A single train engine ran through a flock of sheep leaving a bloody mess. Then,
Presley saw again, in his imagination, the galloping monster, the terror of steel and steam, with its single eye, Cyclopean, red, shooting from horizon to horizon; but saw it now as the symbol of a vast power, huge, terrible, flinging the echo of its thunder over all the reaches of the valley, leaving blood and destruction in its path, the leviathan, with tentacles of steel clutching into the soil, the soulless Force, the iron-hearted Power, the monster, the Colossus, the Octopus.
Frank Norris, The Octopus (1901)
My recollections of reading this novel nearly twenty years ago are vague.

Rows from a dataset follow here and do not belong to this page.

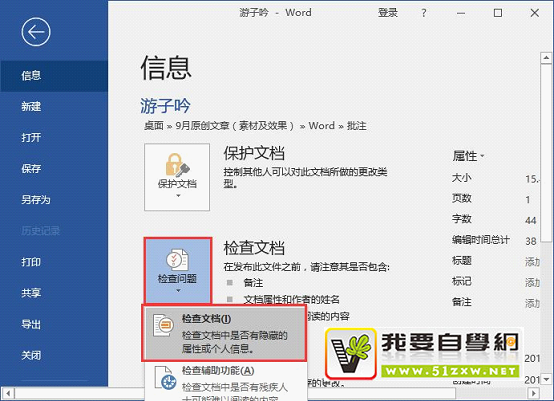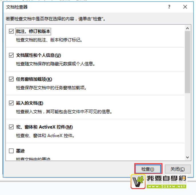 (2)在打开的”文档检查器“对话框中单击”检查“按钮。
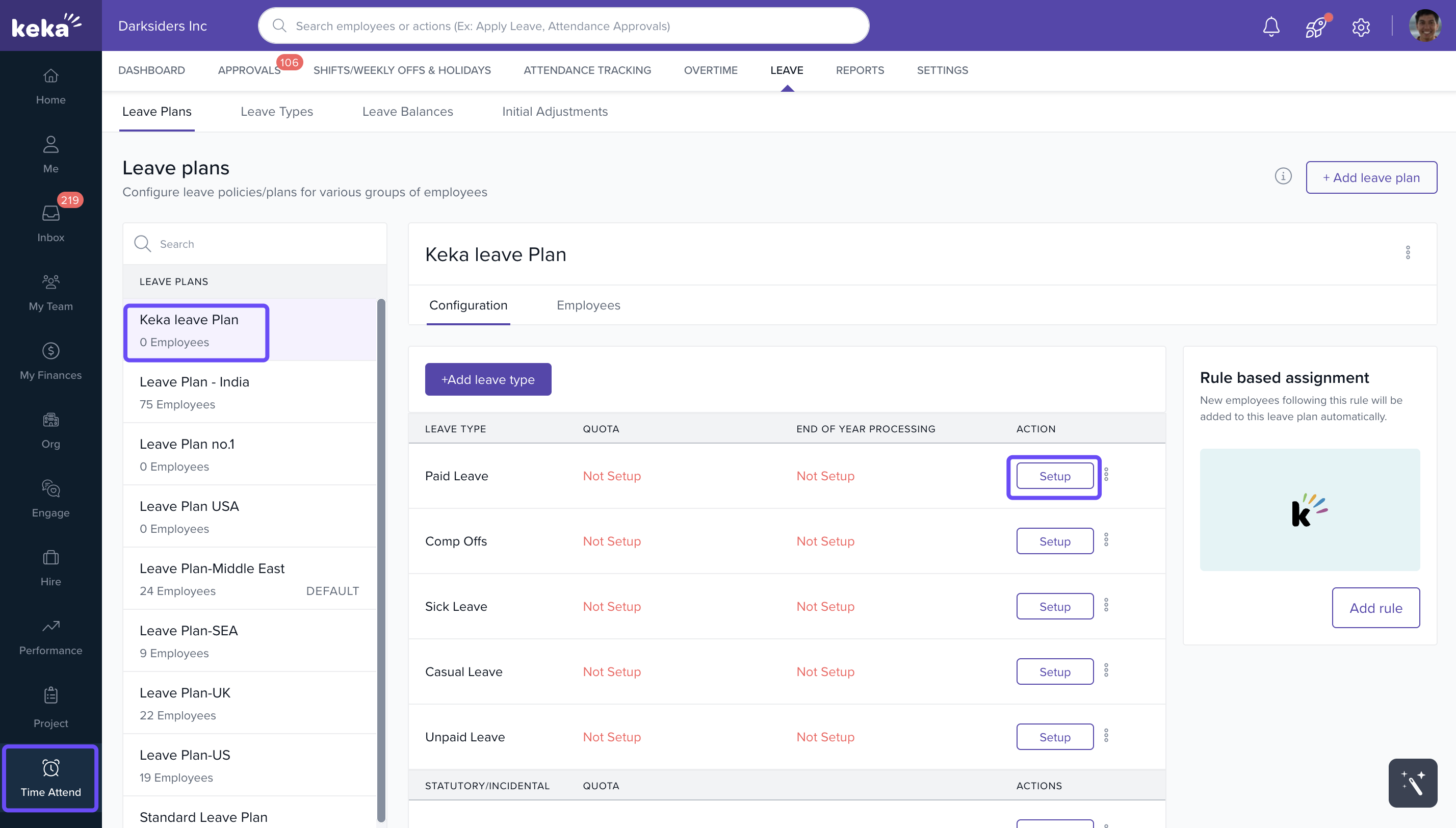 - In the Configuration tab, click on Setup for the specific leave (e.g., Paid Leave) under which accrual needs to be enabled.
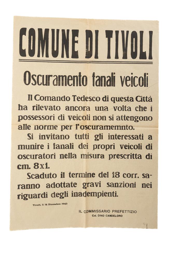 circa lʹoscuramento dei fanali dei veicoli. Tivoli, 14 dicembre 1943. Descrizione: manifesto formato 64x44 cm., in buone condizioni, pieghe.
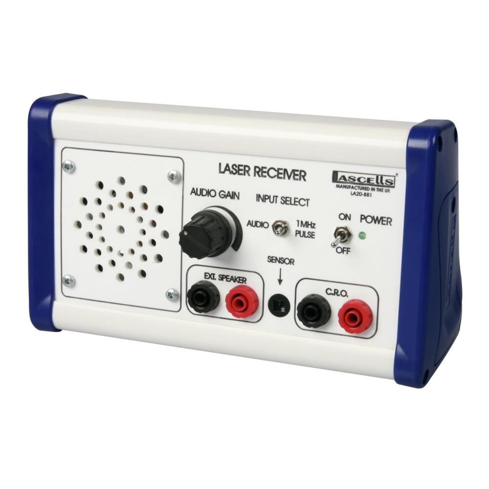 The Lascells semiconductor laser contains two independently controlled laser diodes, one at the standard 650nm red and a second at 532nm green. Both lasers may be simultaneously passed through a double slit slide and both diffraction patterns may be displayed one above the other for an immediate comparison.The unit is equipped with internal 1 MHz modulation which when used in conjunction with the laser receiver and an oscilloscope allows the speed of light to be determined in the laboratory. In addition, the facility to modulate the laser from an external source is provided allowing audio to be sent to the receiver from a smartphone or mp3 player.The apparatus is switched using a removable key which prevents unauthorised use and is supplied with a 9V power supply and full instructions.
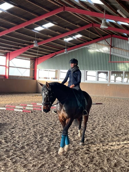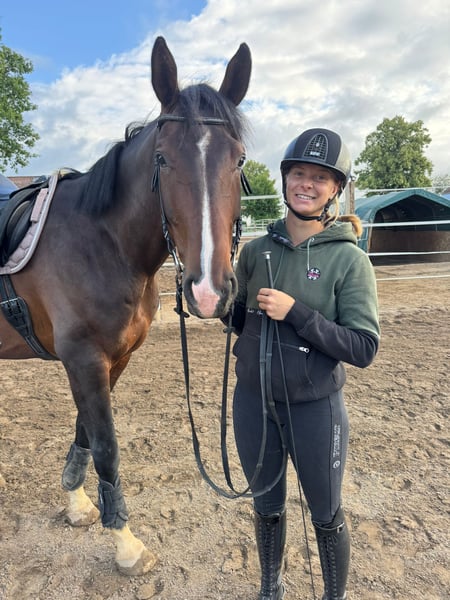 I am offering my 6-year-old Hanoverian gelding, a kind, well-trained dressage horse, due to a reduction in my stable. He is a beautifully built, dark bay with three solid gaits. I purchased him as a foal and raised him in an open stable. In spring 2025, due to his size, he was gently started under saddle quite late. Since then, he has proven to be very eager to learn, with a light and responsive aids. His outstanding work attitude is evident; even after several weeks off, he can be reintegrated without any napping. He confidently performs all three basic gaits and is currently learning to extend his trot and canter. He shows motivation in free jumping and is being introduced to small jumps under saddle. In the field, he is well-behaved and fearless in a group. He is experienced riding on different arenas and handles it with ease. Harry also loads onto the trailer without issues and is a pro at loading, even in the dark. Harry is a very affectionate horse, accustomed to contact with children and agricultural machinery, and always strives to please his handler. He is an absolute gem in handling. Given his relatively short riding career so far, I do not see him as an ideal beginner's horse at this time. With a sensitive, confident rider, he has great potential for advanced recreational riding. I can also see him competing at shows this upcoming season. I am looking for a loving person with experience in further training and handling young horses. Since he was born on pasture and has been kept in my open stable since, I prefer his future to include paddock and pasture turnout. Serious inquiries are welcome. Videos available upon request via WhatsApp. This is not a desperate sale – he will only be sold if everything feels right. Test rides are possible by arrangement; a fee of €30 applies, which will be deducted from the purchase price if he is bought. Pedigree: Emilio Sanchez x Don Henrico Height: 17.8 hh
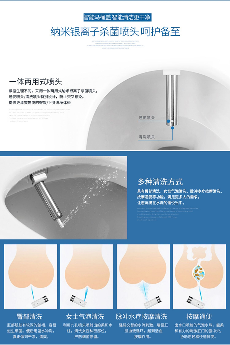 16、抗菌座圈和噴頭:座圈和噴頭均加入銀離子抗菌成分,不易滋生細菌;
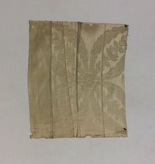 Dépècement de rideaux. Damas crème ton sur ton, sans envers. Largeur de lé complète. Section carrée. Motifs répétés dans la hauteur : soleil rayonnant entouré de guirlandes de fleurs et d'un tore de lauriers. Plis transversaux parallèles visibles sur toute la surface de la pièce.
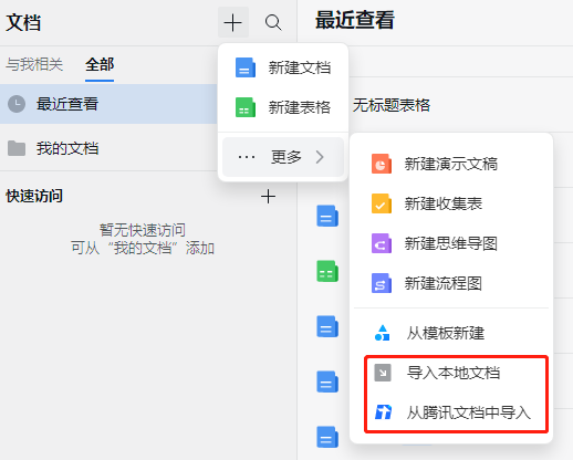 在电脑端打开文档后,可以点击页面右上角+ -> 更多->选择进行导入。
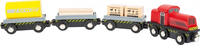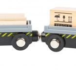 A csomag 25 sín elemet, mozdonyt vagonokkal és rakományt tartalmaz. A készlet a legtöbb fa vonatpályával könnyedén összekapcsolható a még nagyobb játékvilágért.
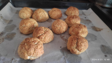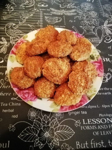 Перемешала, получилось мягкое, слегка липкое тесто. Руками, смоченными водой, сформировала печенье,выложила на противень и запекала в духовке 20 минут при 180°.
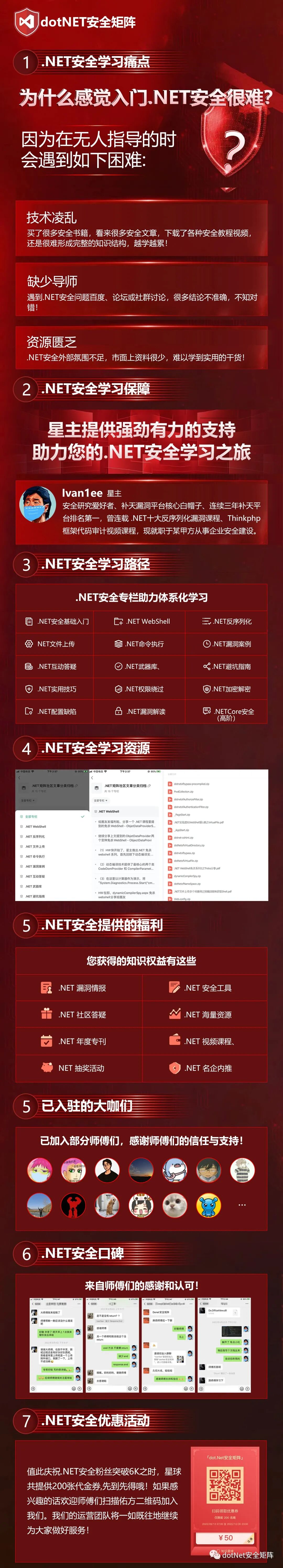 为了更好地应对基于.NET技术栈的风险识别和未知威胁,dotNet安全矩阵星球从创建以来一直聚焦于.NET领域的安全攻防技术,定位于高质量安全攻防星球社区,得到了许多师傅们的支持和信任,通过星球深度连接入圈的师傅们,一起推动.NET安全高质量的向前发展星球提供50元代金劵,师傅们先到先得噢!扫描星球亮点里的二维码即可加入我们。

McTeague (1899) is far more memorable. Never far from my consciousness is the scene early on when McTeague gets a billiard ball stuck in his enormous jaws, and the panic that shows in his eyes until the ball flies across the room after a hard pat on the back. Likewise, Trina's bedding with her gold remains an unforgettable image. Somehow, The Octopus carried less weight in that graduate seminar so long ago. Norris's grand novel offered a strong metaphor at the center, but a less memorable story than his story of a dentist. Did we really read the book?

In any case, another effort to get through Frank Norris's tale was stimulated last night when I began anew my reading of the classic biography of President Theodore Roosevelt.
In 1898, there had been twenty multi-million-dollar industrial trusts; now, there were one hundred and eighty-five. The proliferation evoked an image, in many minds, of a constrictive organism stretching out to every extremity of American civilization. Hence the title of Frank Norris's new antitrust novel: The Octopus.